• TASK:
Return the listing below unchanged, except that the pictures are dropped.

** DATA SHOWN follows **

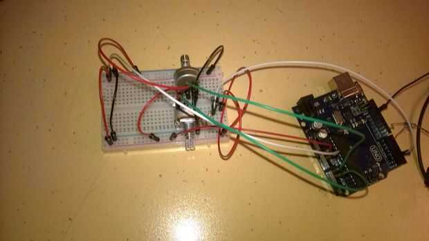 Cada potenciómetro debe tener 3 pines. El medio uno tiene que conectarse a A0 o A1 en su Arduino. Uno de los pernos laterales (no importa cual) debe conectarse a + 5V y el otro a GND. Usted puede encontrar un completo diagrama de Fritzing y algunas imágenes anteriores. Puede comprobarlo una vez más si desea utilizando un ejemplo desde el IDE de Arduino (archivo > ejemplos > analógicas > AnalogInput)
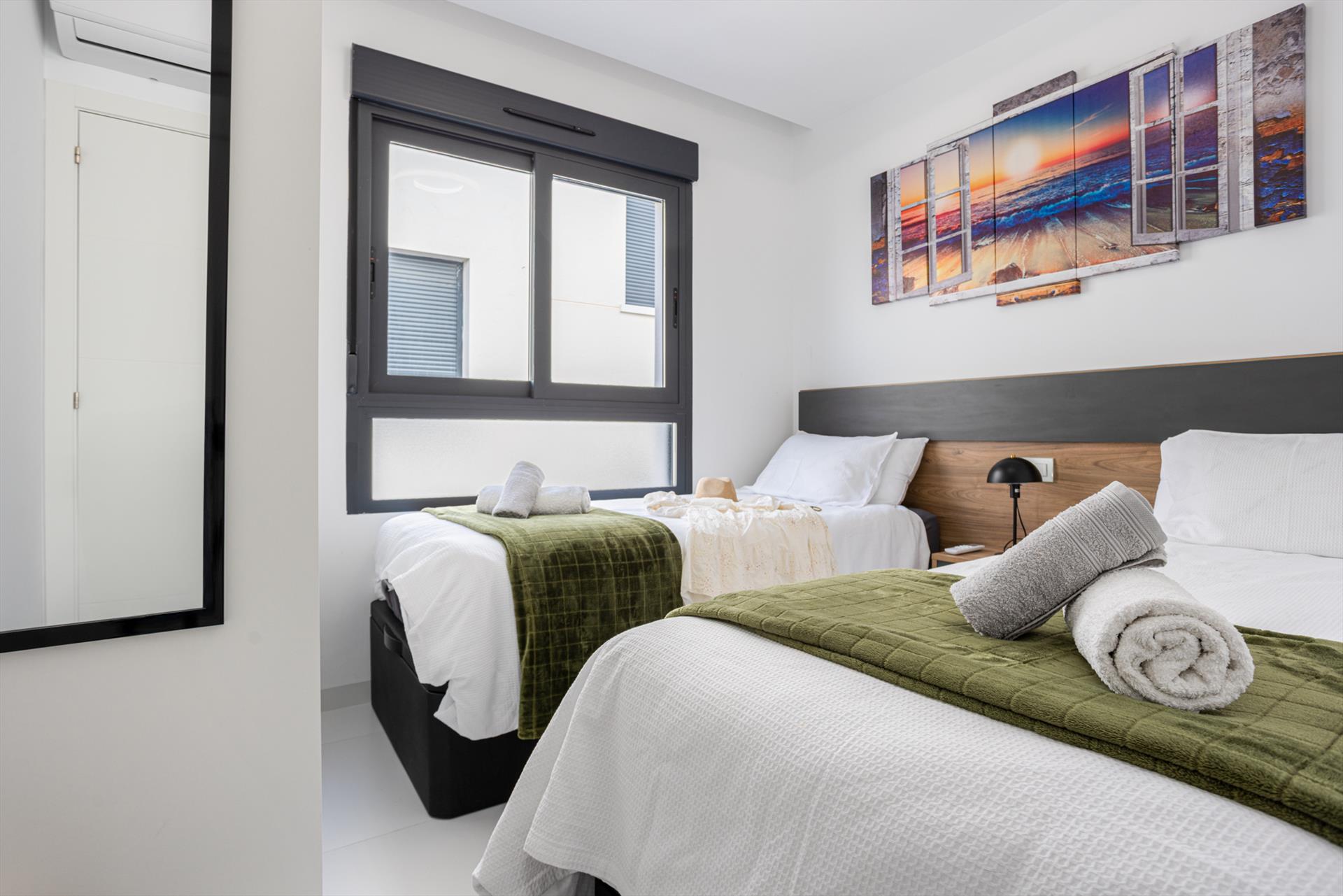 El apartamento cuenta con 2 dormitorios y 2 baños. La vivienda ofrece un jardín comunitario con césped y maravillosas vistas del jardín. Su confort y la cercanía a lugares para hacer compras, actividades deportivas y lugares de ocio hacen de este un excelente apartamento para pasar sus vacaciones en España con familia o amigos.
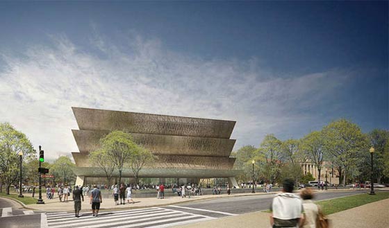 المتحف الوطني لتاريخ وثقافة الأميركيون الأفريقيون، واشنطن العاصمة: سيفتتح العام المقبل التنزاني ديفيد أدجاي المتحف الوطني الجديد للتاريخ وثقافة الأمريكيين من أصول أفريقية في واشنطن العاصمة. سطح المبنى الخارجي مغطى بشبكة معقدة من البرونز، كذكرى لعمل الحديد الذي قام به العبيد في الجنوب بعد التحرير.

** End of DATA SHOWN **

• SOLUTION FOR THIS TASK:
 Cada potenciómetro debe tener 3 pines. El medio uno tiene que conectarse a A0 o A1 en su Arduino. Uno de los pernos laterales (no importa cual) debe conectarse a + 5V y el otro a GND. Usted puede encontrar un completo diagrama de Fritzing y algunas imágenes anteriores. Puede comprobarlo una vez más si desea utilizando un ejemplo desde el IDE de Arduino (archivo > ejemplos > analógicas > AnalogInput)
 El apartamento cuenta con 2 dormitorios y 2 baños. La vivienda ofrece un jardín comunitario con césped y maravillosas vistas del jardín. Su confort y la cercanía a lugares para hacer compras, actividades deportivas y lugares de ocio hacen de este un excelente apartamento para pasar sus vacaciones en España con familia o amigos.
 المتحف الوطني لتاريخ وثقافة الأميركيون الأفريقيون، واشنطن العاصمة: سيفتتح العام المقبل التنزاني ديفيد أدجاي المتحف الوطني الجديد للتاريخ وثقافة الأمريكيين من أصول أفريقية في واشنطن العاصمة. سطح المبنى الخارجي مغطى بشبكة معقدة من البرونز، كذكرى لعمل الحديد الذي قام به العبيد في الجنوب بعد التحرير.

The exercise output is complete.